Décadence

On a l'habitude d'associer la décadence à la dégradation de moeurs. «Aux hommes de la fin du XIXe siècle, écrit Marguerite Yourcenar, la décadence romaine apparaissait sous l'aspect de patriciens couronnés de roses s'appuyant du coude sur des coussins ou de belles filles, ou encore, comme les a rêvés Verlaine, composant des acrostiches indolents en regardant passer les grands barbares blancs. Nous sommes mieux renseignés sur la manière dont une civilisation finit par finir. Ce n'est pas par des abus, des vices ou des crimes qui sont de tous les temps, et rien ne prouve que la cruauté d'Aurélien ait été pire que celle d'Octave, ou que la vénalité dans la Rome de Didius Julianus ait été plus grande que dans celle de Sylla.»

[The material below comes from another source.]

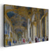 Step into a world of regal opulence with "Gilded Archways Symphony," a captivating canvas art piece that transports viewers to the luxurious grandeur of European courts. This masterpiece presents a breathtaking view of a lavish palace interior, featuring towering golden arches and a splendid blue ceiling adorned with intricate frescoes that evoke a sense of grandeur and opulence.
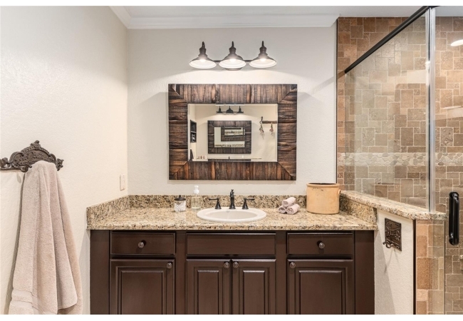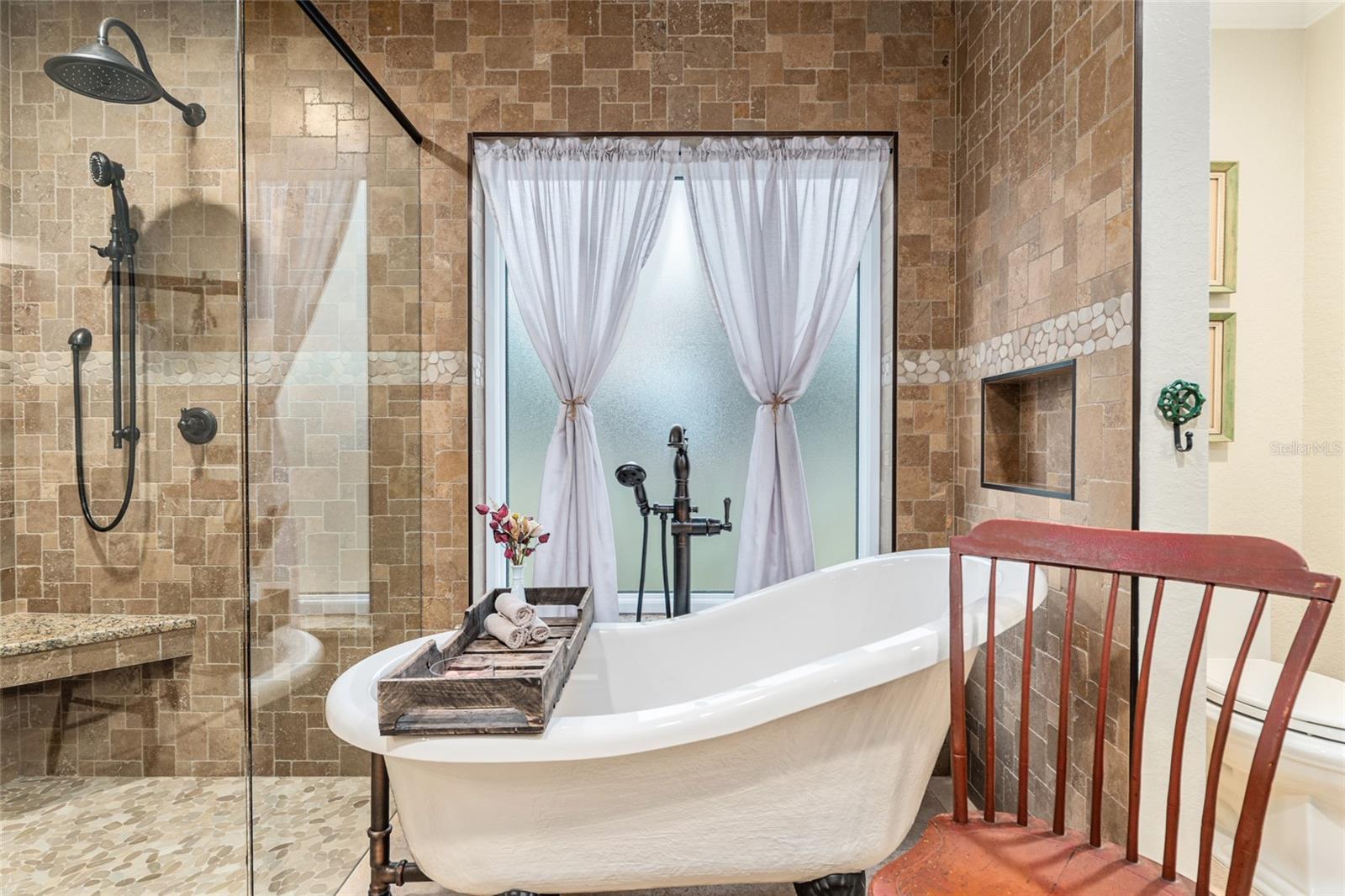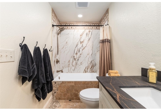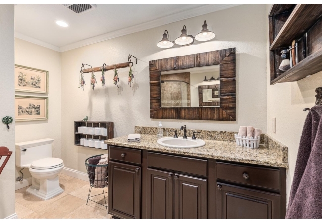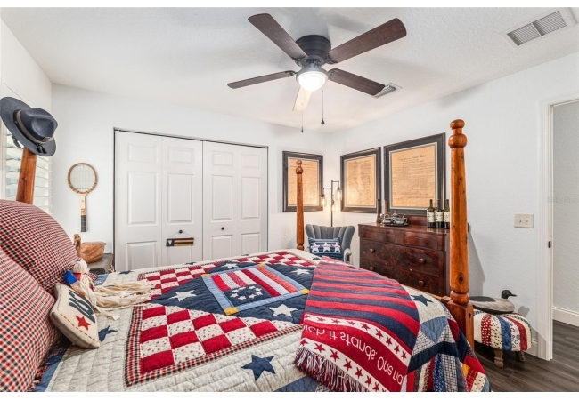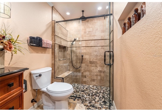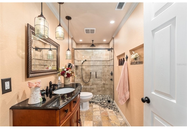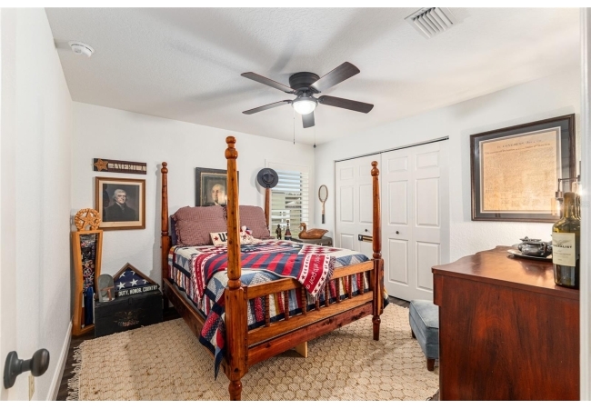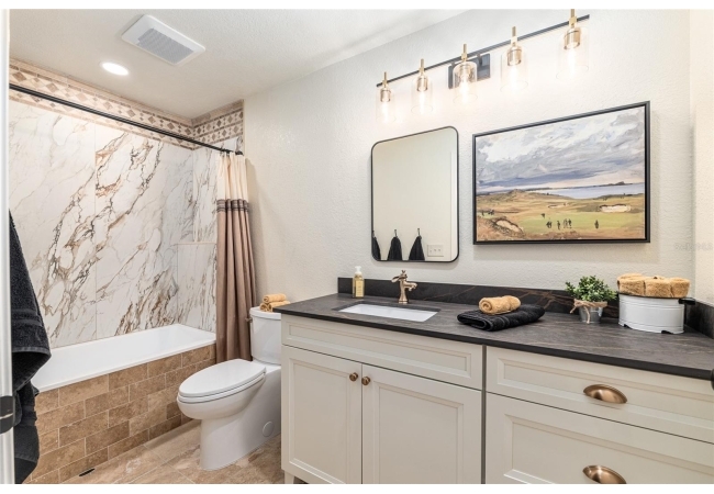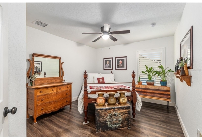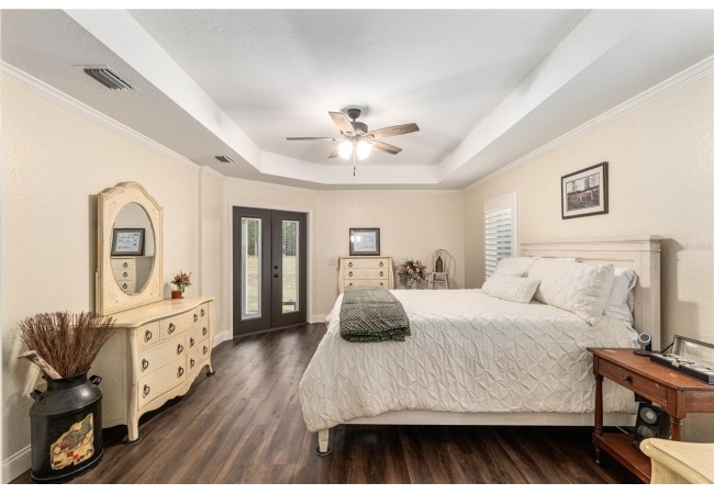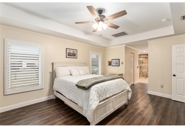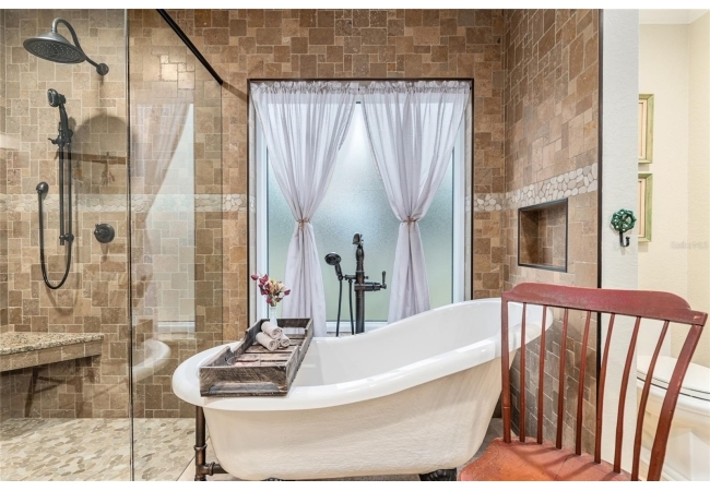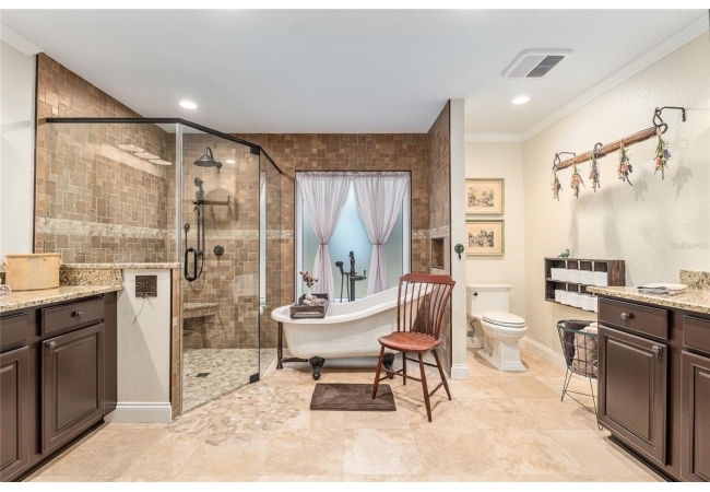 The primary suite continues the theme of understated luxury, featuring a coffered tray ceiling, private patio access, and dual walk-in closets. The spa-inspired ensuite bath offers a five-piece layout with granite counters, dual vanities, a soaking clawfoot tub, and a walk-in shower—designed for comfort and retreat. Secondary bedrooms are equally intentional, while a beautifully appointed third bath provides a serene oasis for guests or family. AAdditional highlights include a versatile bonus room that can serve as a fourth bedroom or home office, updated lighting and ceiling fans, new interior plantation shutters, a convenient indoor laundry room, and an exceptional garage with epoxy-coated floors—ideal for storage, hobbies, or a functional workspace. Outside, a covered back porch invites relaxation and effortless entertaining. With multiple living spaces, a flexible split floor plan, and an impressive list of high-quality updates, this home offers a refined yet practical lifestyle—thoughtfully designed for everyday ease and long-term value. Schedule your private showing today and experience the best of Florida living.

Marguerite Yourcenar associe plutôt la décadence aux diverses formes de la démesure: gigantisme, gaspillage, enflure. «Les maux dont on meurt sont plus spécifiques, plus complexes, plus lents, parfois plus difficiles à découvrir ou à définir. Mais nous avons appris a découvrir ce gigantisme qui n'est que la contrefaçon malsaine d'une croissance, ce gaspillage qui fait croire a l'existence de richesses qu'on n'a déjà plus, cette pléthore si vite remplacée par la disette à la moindre crise, ces divertissements ménagés d'en haut, cette atmosphère d'inertie et de panique, d'autoritarisme et d'anarchie, ces réaffirmations pompeuses d'un grand passé au milieu de l'actuelle médiocrité et du présent désordre, ces réformes qui ne sont que des palliatifs et ces accès de vertu qui ne se manifestent que par des purges, ce goût du sensationnel qui finit par faire triompher la politique du pire, ces quelques hommes de génie mal secondés, perdus dans la foule des grossiers habiles, des fous violents, des honnêtes gens maladroits et des faibles sages. Le lecteur moderne est chez lui dans l'Histoire Auguste.»
    Marguerite Yourcenar, Mount Desert Island, 1958
Source: "Les visages de l'Histoire dans l'Histoire Auguste", Paris, Gallimard, 1962

Essentiel

«Le processus de déclin des civilisations est d'une grande complexité et il plonge ses racines dans la plus totale obscurité. Bien entendu, on peut trouver après coup de multiples explications et rationalisations, sans parvenir à dissiper le sentiment d'un irrationnel agissant au coeur même de ce processus. Les acteurs d'une civilisation bien déterminée, des grandes masses aux grands décideurs, même s'ils prennent plus ou moins conscience du processus de déclin, semblent impuissants à arrêter la chute de leur civilisation. Une chose est certaine : un grand décalage entre les mentalités des acteurs et les nécessités internes de développement d'un type de société, accompagne toujours la chute d'une civilisation. Tout se passe comme si les connaissances et les savoirs qu'une civilisation ne cesse d'accumuler ne pouvaient être intégrées dans l'être intérieur de ceux qui composent cette civilisation. Or, après tout, c'est l'être humain qui se trouve ou devrait se trouver au centre de toute civilisation digne de ce nom. »

Extrait de La transdisciplinarité-Manifeste, par Basarab Nicolescu, Éditions du Rocher, Monaco, 1996.